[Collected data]
================

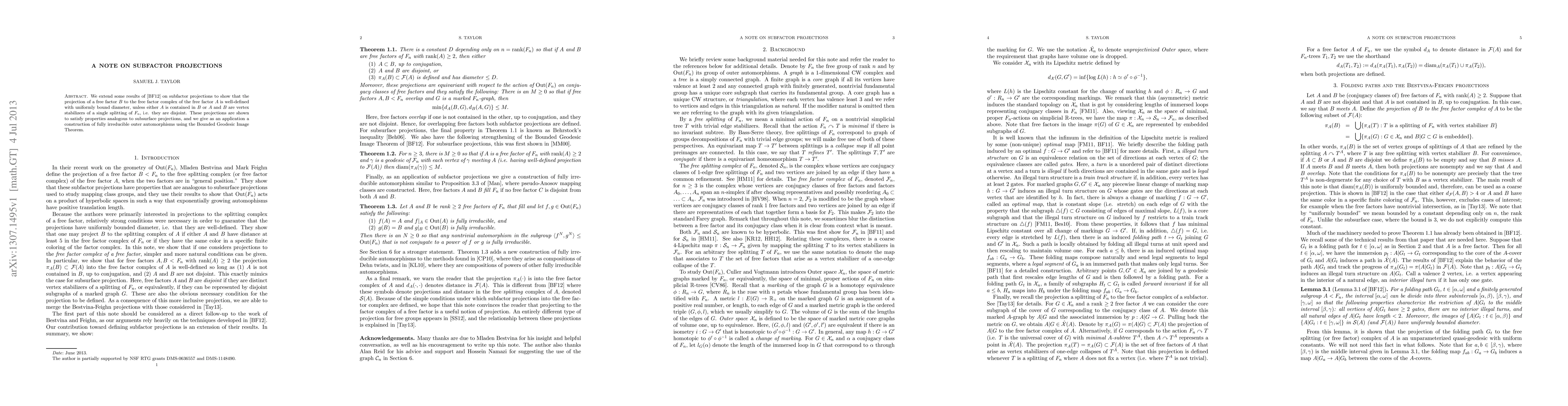 Researchers extend subfactor projection results to show that projections of free factors have uniformly bound diameter unless they share a common splitting, with applications in constructing fully irreducible outer automorphisms.
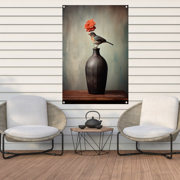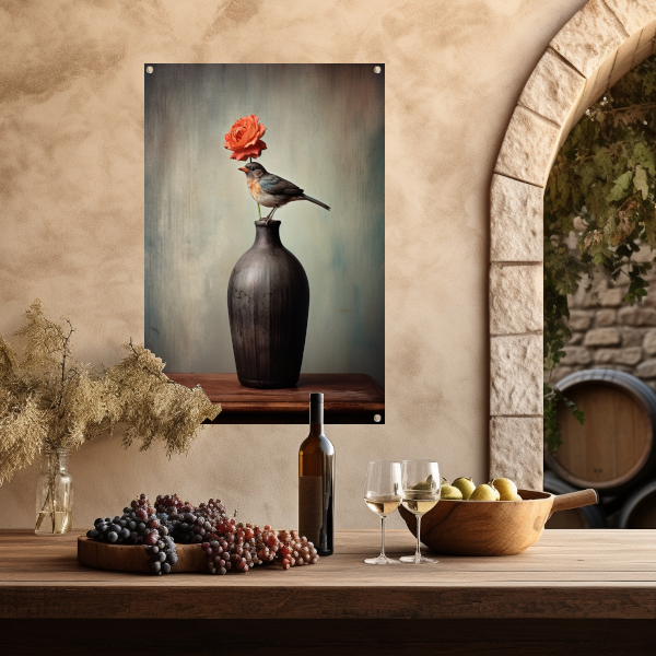 Deze prachtige tuinposter is een echte eyecatcher voor jouw tuin of balkon. De minimalistische vaas met een close-up van een bloem zorgt voor een rustige en stijlvolle sfeer. De tuinposter is verkrijgbaar in verschillende formaten, zodat je altijd een passend formaat kunt vinden voor jouw buitenruimte.
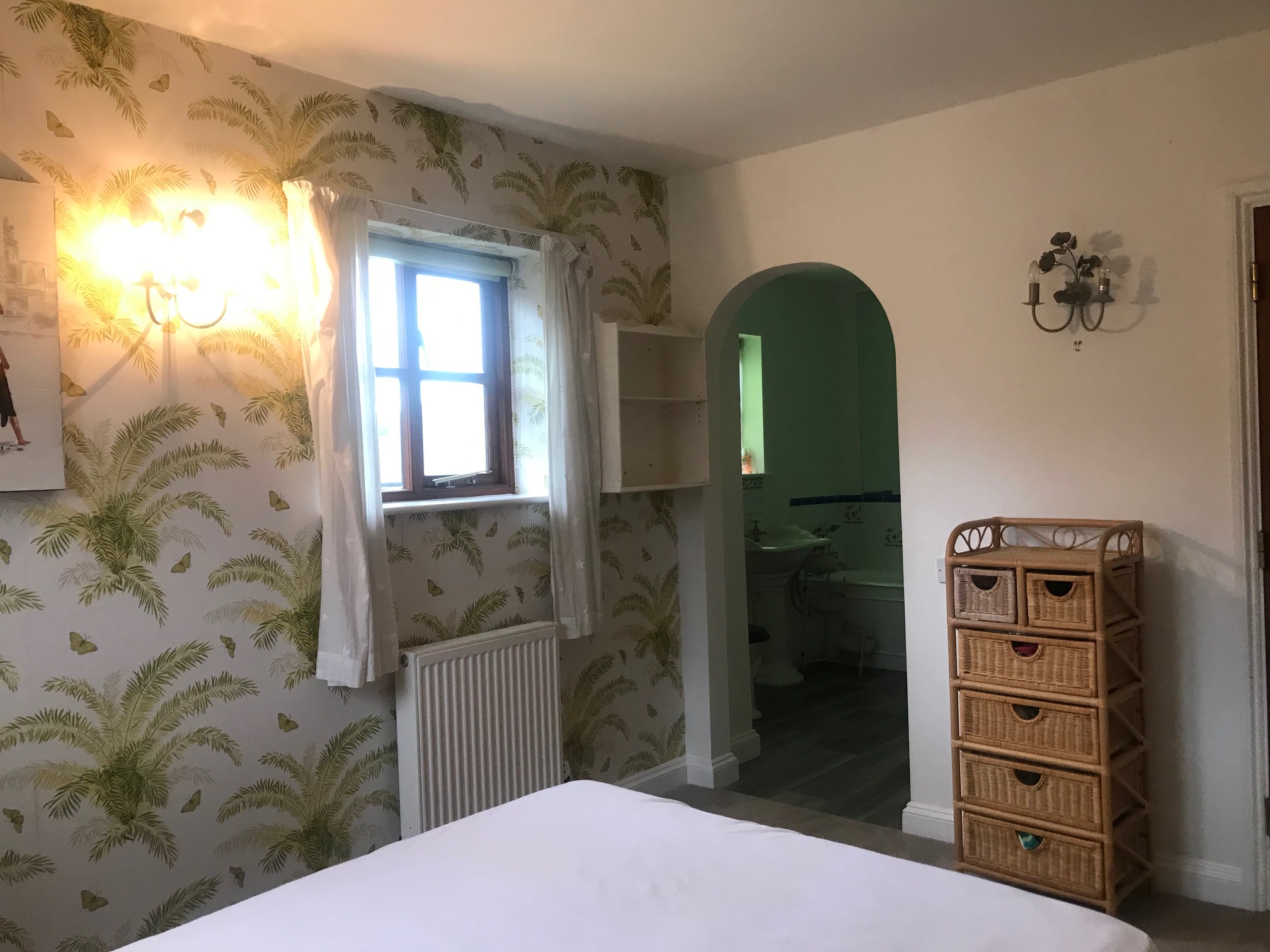 2-3 of the double bedrooms in the main house, 1 is en-suite and the second large bathroom has both a large shower and full size bath (shared if 3rd room rented). In addition extra shower room downstairs. (other rooms not being rented due to lack of bathrooms at present so a huge place for a few people). Use of large living room with woodburner and Flat screen TV and dining room/office area. An extra private office room if required (extra)
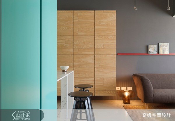 本案屋主為一藝術工作,希望能將喜愛的普普風畫作納入設計,於是設計師將帶點普普風感覺的壁紙用在主臥室,創造一種少有的復古風格。同時因屋主較能接受大膽的顏色,因此將色彩大膽的運用至沙發背強牆面及廚具上,呈現強烈的視覺風格,產生現代與復古的同時並存,但卻又巧妙的融合在空間中,讓人百看不膩。裝修費用:101~199萬。
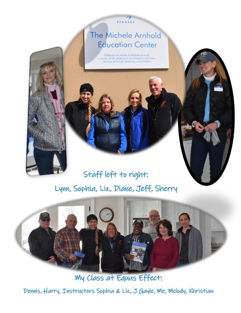 Staff left to right: Lynn, Sophia, Liz, Diane, Jeff, Sherry My Class at Equus Effect: Dennis, Harry, Instructors Sophia & Liz, J Gayle, Me, Melody, Khristian
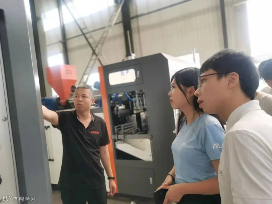 考察团队对我司大六模高速旋转吹塑机有着浓厚兴趣
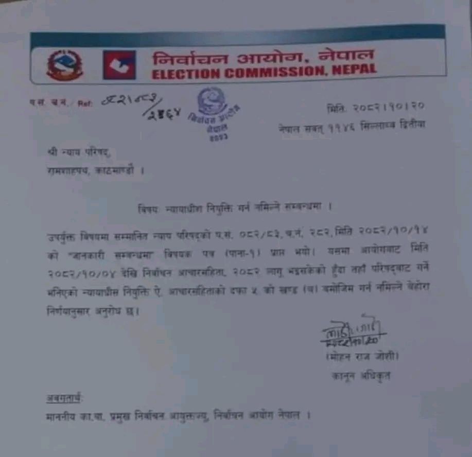 यस अघि निर्वाचन आयोगले न्यायधीश नियुक्ति नगर्न न्याय परिषद्लाई पत्रै पठाएको थियो । गत माघ ४ गतेदेखि निर्वाचन आचारसंहिता जारी भइसकेको उल्लेख गर्दै आयोगले न्यायधीश नियुक्ति नगर्न न्यायपरिषद्लाई पत्र पठाएको हो । न्यायपरिषद् सचिवालयले गत माघ १४ गते आयोगलाई पत्र पठाएर सहमतिका लागि आग्रह गरेको थियो ।
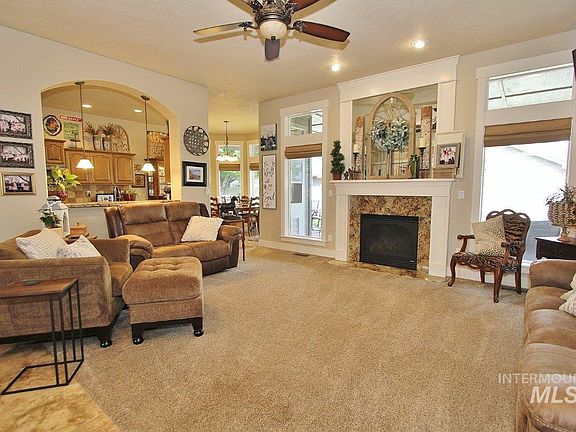 The secret is out, come home to Star Idaho! Quality craftmanship abounds in this lovely 3 or 4 bedroom home nestled in the gorgeous Pinewood Lakes.Travertine tile,granite counter tops, lofty 10 ft ceilings, gas fireplace, ample outdoor living spaces, all lend to the feeling of well being. This home was custom built with with an approach to fine living, & that philosophy is still felt today. Open concept gathering room & kitchen are an amazing place to get together.Two guest rooms with window seats are a great place to find respite for just a bit.The large bonus room can function as a fourth bdrm as it has a closet and 1/2 bath attached.Home office is located off the main living area with glass doors for privacy & light.The principle bdrm is spacious with glass doors to the patio & hot tub area. Can we chat about the back yard living area?Yes! Spacious, beautiful, the perfect place to unwind & listen to the water feature & enjoy the mature landscapes' abundant color.REALTOR owned, this home is just WOW!
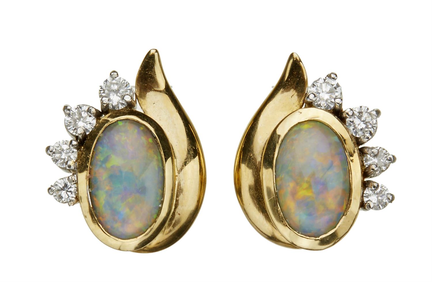 A PAIR OF OPAL AND DIAMOND STUD EARRINGS
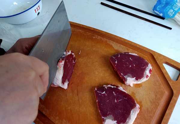 如果是直接買的片狀的牛排,這一步可以省略,一般是已經敲打變薄過瞭。
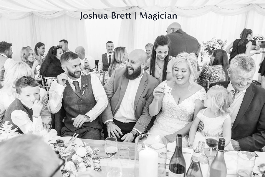 Joshua Brett supports couples looking to enhance the atmosphere of their wedding day by providing interactive close up magic that can take place across a range of moments and settings.
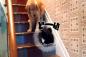 そこに座ってらっしゃるから・・・猫が怖くて階段を降りられない犬に一家総出で救出大作戦
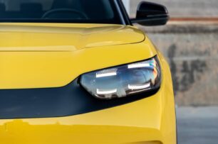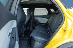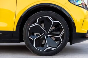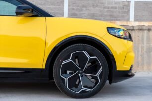 En la vista lateral puedes optar por llantas que van desde las 19 hasta las 21 pulgadas. Asimismo, dispones de una paleta de seis colores en sólido y metalizado, con tonos clásicos y alegres. En esta unidad puedes ver el Amarillo Vivid. Por su parte, la superficie acristalada es amplia, aunque la visibilidad limitada hacia detrás y los tres cuartos traseros.
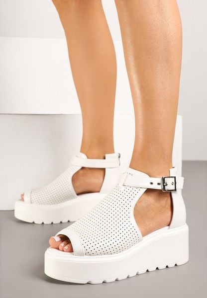Białe Sandały na Koturnie ze Skórzaną Wkładką i Wycięciami Sopiaella

================

About this task: Reproduce the lines above starting at the one with "Staff left to" and ending at the one with "यस अघि निर्वाचन", both included, exactly and with no pictures.

Solution:
 Staff left to right: Lynn, Sophia, Liz, Diane, Jeff, Sherry My Class at Equus Effect: Dennis, Harry, Instructors Sophia & Liz, J Gayle, Me, Melody, Khristian
 考察团队对我司大六模高速旋转吹塑机有着浓厚兴趣
 यस अघि निर्वाचन आयोगले न्यायधीश नियुक्ति नगर्न न्याय परिषद्लाई पत्रै पठाएको थियो । गत माघ ४ गतेदेखि निर्वाचन आचारसंहिता जारी भइसकेको उल्लेख गर्दै आयोगले न्यायधीश नियुक्ति नगर्न न्यायपरिषद्लाई पत्र पठाएको हो । न्यायपरिषद् सचिवालयले गत माघ १४ गते आयोगलाई पत्र पठाएर सहमतिका लागि आग्रह गरेको थियो ।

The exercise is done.